Lascerò alcune domande aperte. Per esempio: quanto della nostra propensione al multitasking è genetica e quanto è cultura? E quanto possiamo recuperare se abbiamo vissuto anni in stato di attenzione spezzettata? Le risposte sono in parte empiriche e in parte ancora da inventare.
Conclusione parziale
Se vuoi un consiglio netto e non medagliette morali: il multitasking non è efficiente come credi. Ti ruba la coerenza mentale e la qualità del giudizio. Non è un problema di scarso tempo ma di qualità di vita cognitiva. E la differenza è enorme. Non tutti devono diventare monomani, ma tutti dovrebbero avere zone di lavoro dove la profondità vince sulla fretta.
Tabella sintetica delle idee chiave
| Problema | Effetto | Indicazione pratica |
|---|---|---|
| Interruzioni frequenti | Aumento stress e residuo di attenzione | Bloccare periodi senza notifiche |
| Switching cost | Maggiore tempo e più errori | Raggruppare attività simili |
| Identità lavorativa frammentata | Perdita di senso di competenza | Impegni pubblici di focus e revisioni profonde |
FAQ
Il multitasking è dannoso sempre o solo in certi casi?
Non è una legge universale che vale per ogni contesto. Il danno dipende dal tipo di compiti. Attività automatiche e ripetitive possono convivere con leggere interruzioni, mentre compiti creativi o decisioni complesse richiedono tempo continuo di attenzione. La vera regola pratica è misurare: se dopo una sessione frammentata servono più correzioni o più tempo di quanto avevi pianificato allora il multitasking sta perdendo il suo presunto vantaggio.
Come riconosco se il multitasking sta minando la qualità del mio lavoro?
Osserva il tipo di errori che fai e quanto tempo impieghi a recuperarli. Se trovi che ripeti spesso le stesse spiegazioni, perdi dettagli rilevanti o devi rileggere documenti per capirli di nuovo, probabilmente sei in una modalità di attenzione spezzata. Un piccolo esperimento è tenere un diario per una settimana e segnare il tempo speso in interruzioni e il tempo perso per correggere errori.
Esistono lavori in cui il multitasking è inevitabile?
Sì, certi ruoli richiedono gestione contemporanea di più flussi informativi. In questi casi la strategia non è eliminare il multitasking ma strutturarlo: ruoli di switching richiedono protocolli, pause e checkpoint di recupero. Non è eroico accettare di lavorare così senza difese organizzative: serve progettare il lavoro per quei limiti cognitivi.
Posso allenarmi a tollerare più interruzioni senza perdere efficienza?
Ci sono abilità che migliorano la gestione delle interruzioni come il chunking e l’uso di microrituali di ripresa dell’attenzione.
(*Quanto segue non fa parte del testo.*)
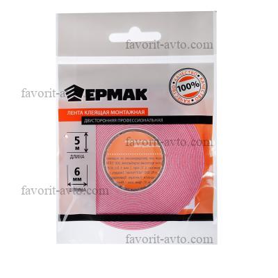 ЕРМАК Лента клеящая монтажная 2-х сторонняя, профессиональная, 6мм x 5м |

Però c’è un limite biologico: alcune funzioni cognitive non si espandono all’infinito. Allenarsi aiuta, ma non trasforma il multitasking in qualcosa che la macchina riesce a fare meglio di noi.
Quale sarà il prossimo passo della ricerca su questo tema?
La ricerca sta andando verso misure più ecologiche e longitudinali che guardano all’impatto sul senso di sé e sulle decisioni a lungo termine. Gli studi non si limitano più a misurare minuti persi ma esplorano come la frammentazione dell’attenzione modella la carriera e la creatività. Personalmente seguo con curiosità questi sviluppi: sono i dati che possono cambiare pratiche organizzative e culturali.
Se hai letto fin qui probabilmente hai già capito qualcosa: il multitasking non è un trucco da applauso. È una scelta culturale e personale. Scegliere dove mettere attenzione è forse la più difficile delle libertà.